=== WHAT YOU NEED TO DO ===
In the records below, find the line that contains "メモを見ずに堂々と話し,時間" and the line that contains "また保ち合いパターンとして、三角保ち合い(トライアングル)なども有名です"; write out exactly those two lines and everything between them, without the pictures.

=== MATERIAL FOR THIS EXERCISE ===
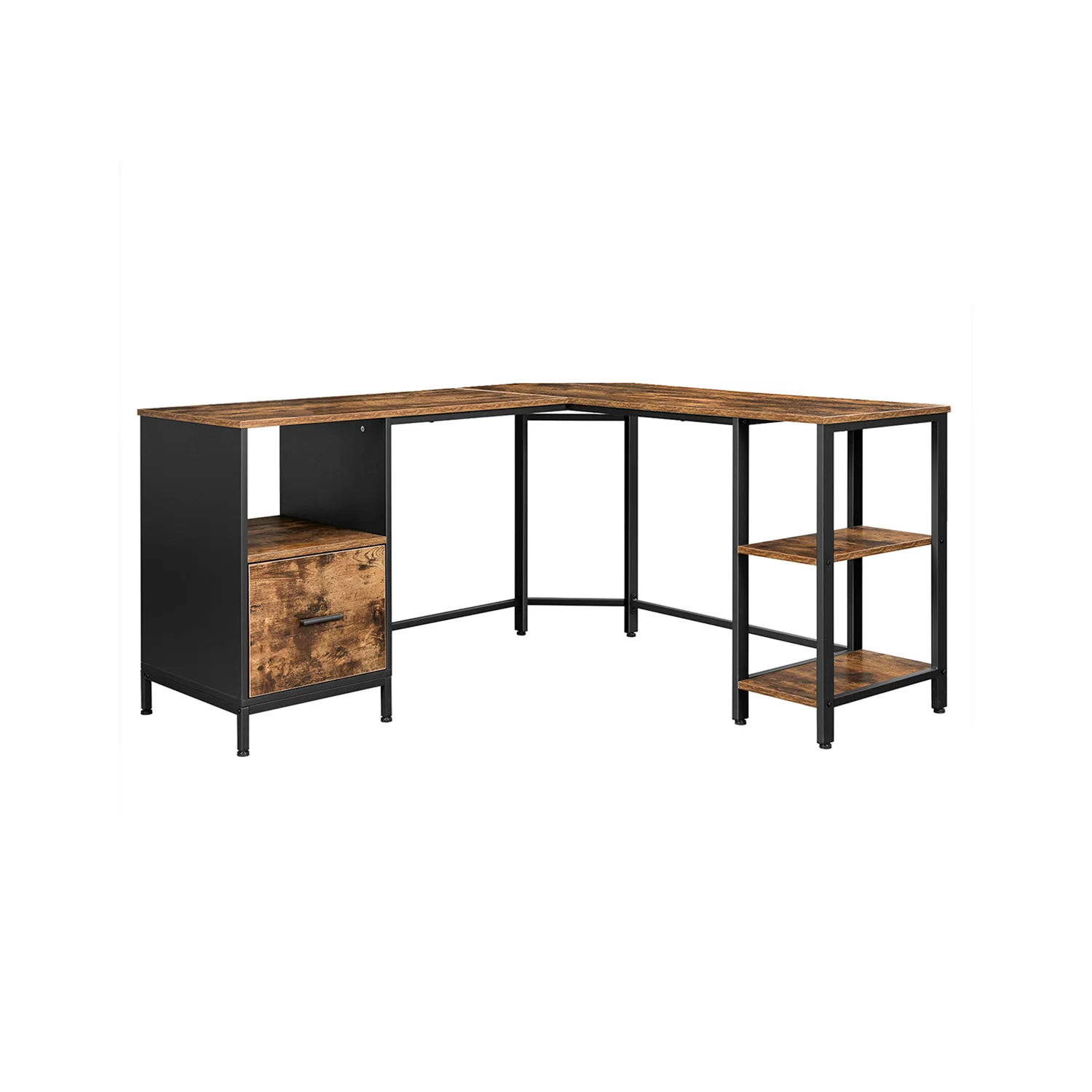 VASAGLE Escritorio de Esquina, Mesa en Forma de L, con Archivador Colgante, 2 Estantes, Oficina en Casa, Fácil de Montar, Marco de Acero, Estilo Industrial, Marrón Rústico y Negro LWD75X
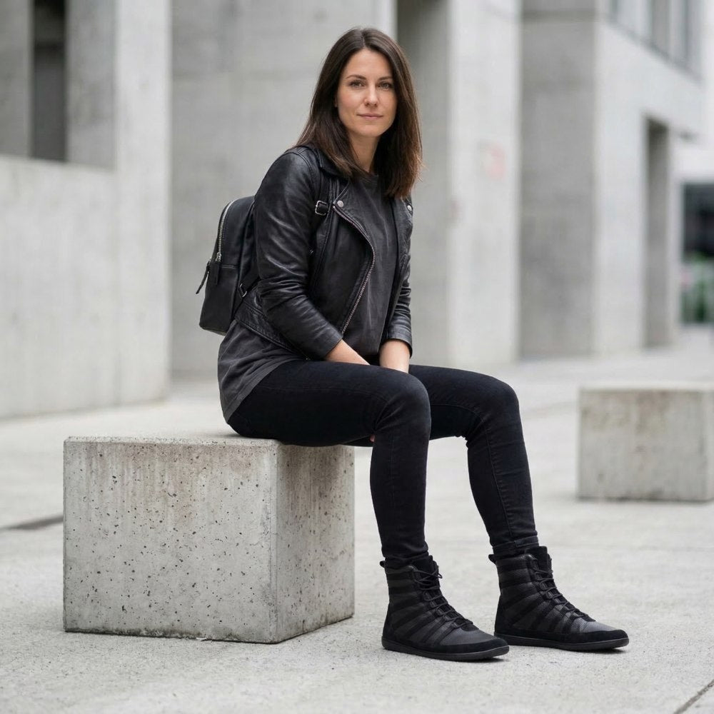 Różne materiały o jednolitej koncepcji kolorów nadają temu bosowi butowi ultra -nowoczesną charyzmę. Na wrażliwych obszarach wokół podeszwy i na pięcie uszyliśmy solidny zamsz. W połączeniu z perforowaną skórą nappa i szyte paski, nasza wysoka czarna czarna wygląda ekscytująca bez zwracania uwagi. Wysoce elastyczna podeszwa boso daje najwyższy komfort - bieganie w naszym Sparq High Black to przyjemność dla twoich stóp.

--

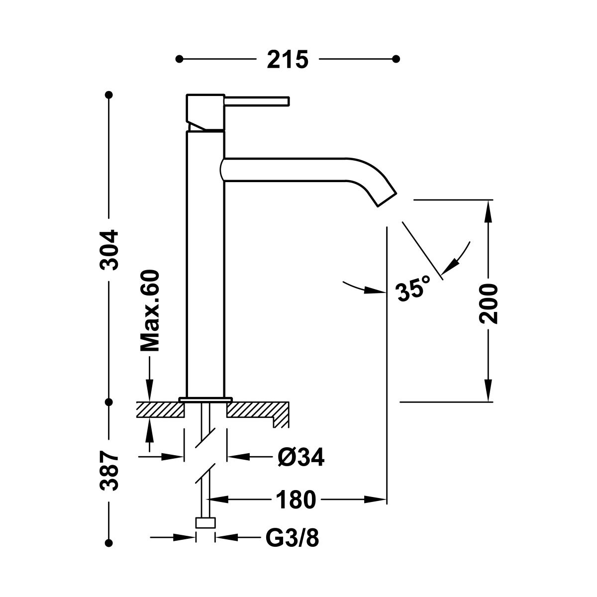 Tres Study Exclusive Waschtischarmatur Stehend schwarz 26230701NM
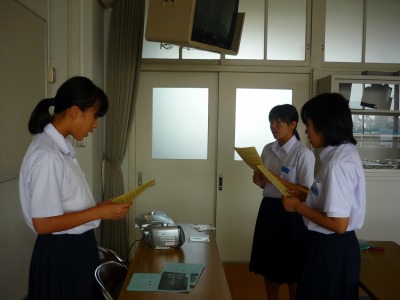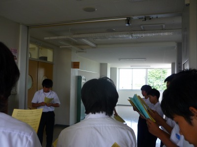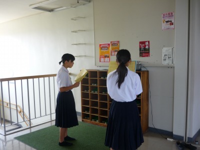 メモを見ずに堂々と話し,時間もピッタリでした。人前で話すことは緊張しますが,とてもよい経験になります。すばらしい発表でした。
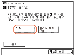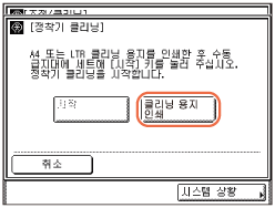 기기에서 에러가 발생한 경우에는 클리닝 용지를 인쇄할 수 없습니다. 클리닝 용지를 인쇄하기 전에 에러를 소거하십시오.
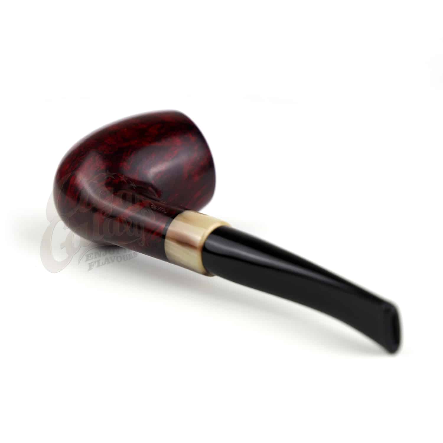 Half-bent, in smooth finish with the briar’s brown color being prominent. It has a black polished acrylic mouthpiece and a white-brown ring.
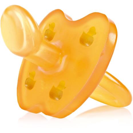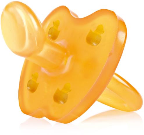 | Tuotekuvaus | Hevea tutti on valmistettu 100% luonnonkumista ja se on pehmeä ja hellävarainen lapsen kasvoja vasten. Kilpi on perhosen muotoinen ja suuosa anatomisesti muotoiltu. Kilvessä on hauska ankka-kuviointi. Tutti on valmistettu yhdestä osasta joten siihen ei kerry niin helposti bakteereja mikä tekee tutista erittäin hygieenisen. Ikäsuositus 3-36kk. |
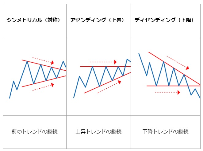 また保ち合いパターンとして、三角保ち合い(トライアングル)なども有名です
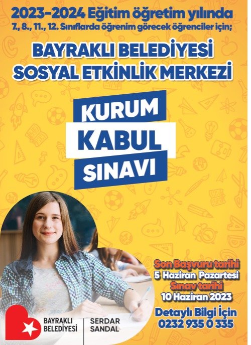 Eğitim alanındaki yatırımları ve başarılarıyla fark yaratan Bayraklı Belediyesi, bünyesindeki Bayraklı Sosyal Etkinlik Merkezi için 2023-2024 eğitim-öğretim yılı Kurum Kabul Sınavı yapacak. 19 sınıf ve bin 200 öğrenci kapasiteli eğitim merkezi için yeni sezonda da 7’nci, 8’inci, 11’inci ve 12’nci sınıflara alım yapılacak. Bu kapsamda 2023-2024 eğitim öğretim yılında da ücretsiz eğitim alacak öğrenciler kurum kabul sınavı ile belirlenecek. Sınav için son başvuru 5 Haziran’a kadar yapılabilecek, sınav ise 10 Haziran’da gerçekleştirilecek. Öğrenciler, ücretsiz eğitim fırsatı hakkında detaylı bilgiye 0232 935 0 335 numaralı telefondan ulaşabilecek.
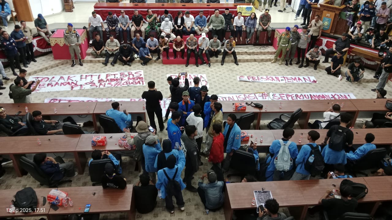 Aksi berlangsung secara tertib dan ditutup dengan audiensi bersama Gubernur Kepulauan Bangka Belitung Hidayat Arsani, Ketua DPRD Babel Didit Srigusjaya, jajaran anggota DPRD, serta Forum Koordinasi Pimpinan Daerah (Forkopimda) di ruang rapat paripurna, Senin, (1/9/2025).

=== RESPONSE TO THE EXERCISE ===
 メモを見ずに堂々と話し,時間もピッタリでした。人前で話すことは緊張しますが,とてもよい経験になります。すばらしい発表でした。
 기기에서 에러가 발생한 경우에는 클리닝 용지를 인쇄할 수 없습니다. 클리닝 용지를 인쇄하기 전에 에러를 소거하십시오.
 Half-bent, in smooth finish with the briar’s brown color being prominent. It has a black polished acrylic mouthpiece and a white-brown ring.
 | Tuotekuvaus | Hevea tutti on valmistettu 100% luonnonkumista ja se on pehmeä ja hellävarainen lapsen kasvoja vasten. Kilpi on perhosen muotoinen ja suuosa anatomisesti muotoiltu. Kilvessä on hauska ankka-kuviointi. Tutti on valmistettu yhdestä osasta joten siihen ei kerry niin helposti bakteereja mikä tekee tutista erittäin hygieenisen. Ikäsuositus 3-36kk. |
 また保ち合いパターンとして、三角保ち合い(トライアングル)なども有名です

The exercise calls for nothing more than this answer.